The Australian Dollar (AUD) extended downside movement against the US Dollar (US Dollar) on Monday, dragging the price of AUDUSD to less than even 0.7135 following the release of some key economic releases from Australia. The technical bias remains bearish due to a Lower Low and Lower High in the recent wave.
As of this writing, the pair is being traded around0.7137. A support may be noted around0.7039, the swing low of the recent downside move ahead of 0.7000, a major psychological number as demonstrated in the following daily chart. A break and daily closing below the 0.7000 support area could incite renewed selling pressure, validating a dip towards the 0.6600 support area in the long run.

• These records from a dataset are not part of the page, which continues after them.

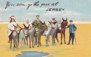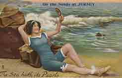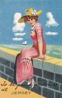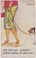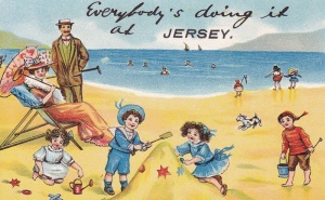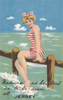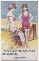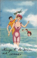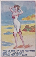 Traditional 'saucy' seaside postcards were also produced for Jersey, but these were part of nationwide issues, overprinted for sale in Jersey and many other seaside resorts around Britain.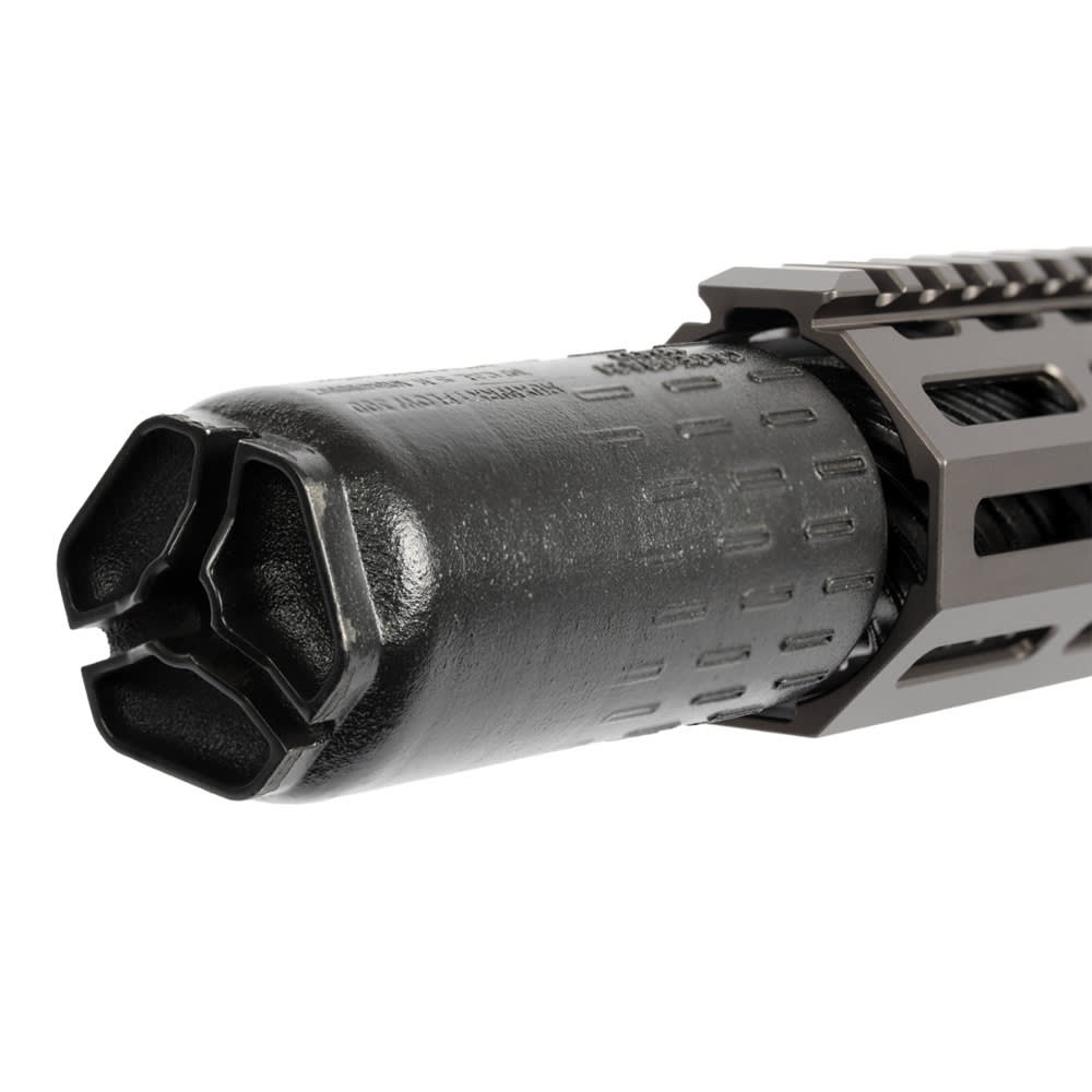 The GFW 8" 300 Blackout HGV (SBR) is a purpose-built, suppressor-optimized platform that blends Geissele's compact GFW architecture with advanced flow-through suppression for exceptional performance and ergonomics. Finished in a distinctive Have Glass V–inspired gray anodizing, this rifle delivers reduced visual signature alongside smooth, reliable operation. Designed around dedicated suppressed use, the system tucks the HUXWRX Flow 300 suppressor partially under the 11" MK22 handguard, maximizing control and hand placement without sacrificing sound and signature reduction.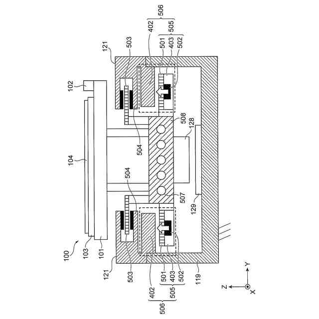 本開示の一実施形態に係るZモータを搭載した磁気浮上ステージのYZ平面での模式的な断面図である。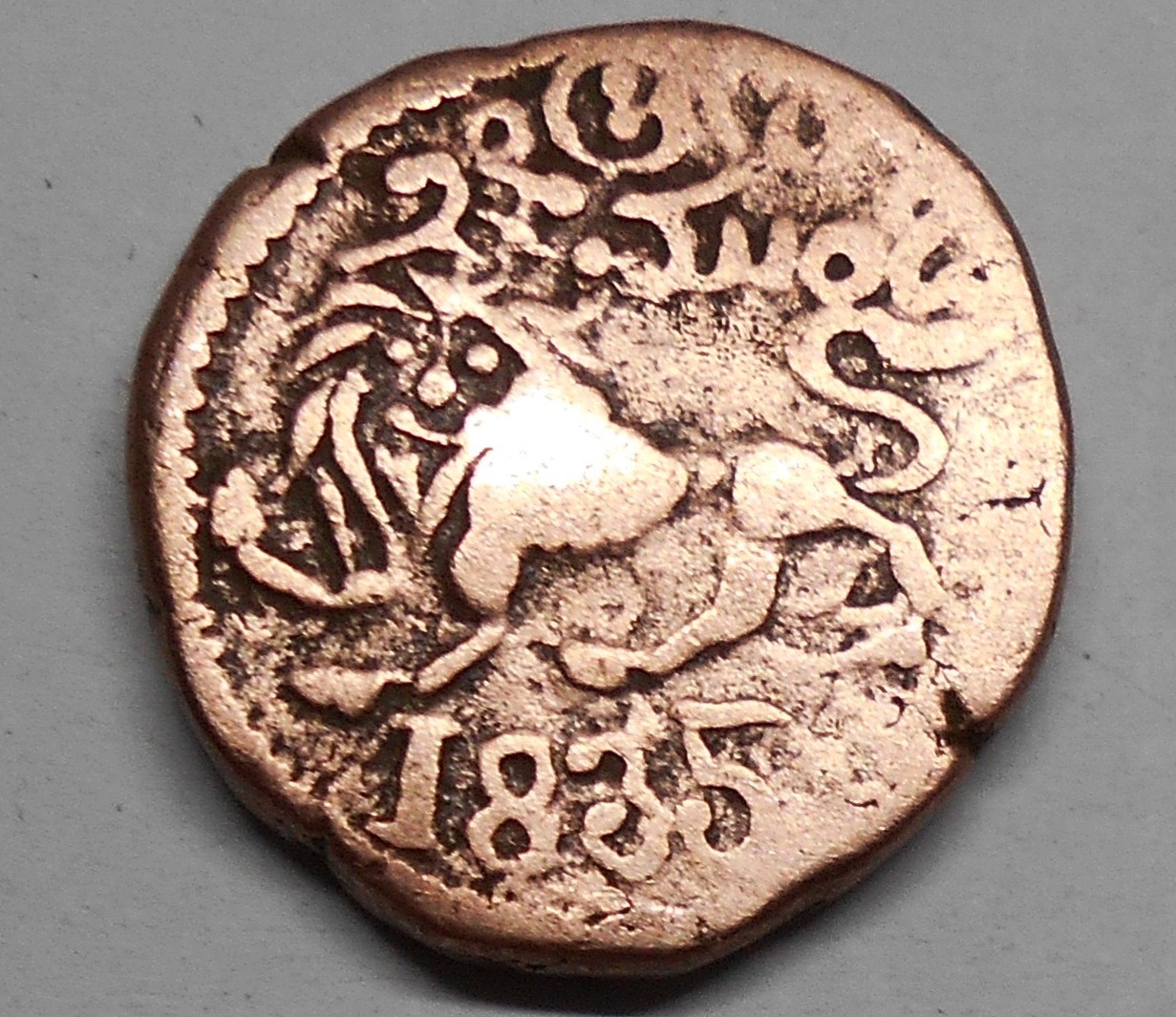 Mysore 20 Cash 1835 Lion

On the upside, the pair is expected to face a hurdle near 0.7230, the 23.6% fib level ahead of 0.7348, the 38.2% fib level and then 0.7443, the 50% fib level. The technical bias will remain bearish as long as the 0.7143 resistance area is intact.
New Home Sales Report
According to the HIA’s new home sales report, the number of new homes sales declined modestly in July, dropping 0.4 per cent over the month. Over the three months to July this year detached house sales fell by 2.8 per cent to be 3.4 per cent lower when compared to the corresponding period in 2014. Meanwhile, apartment sales fell 4.2 per cent in July following a 2.9 per cent dip in June. Generally speaking, higher home sales reading is considered positive for the economy and vice versa.
Considering the overall technical and fundamental outlook, buying the pair around current levels appears to be a good strategy in short to medium term if we get a valid bullish pin bar, hammer or bullish engulfing candle around the current levels.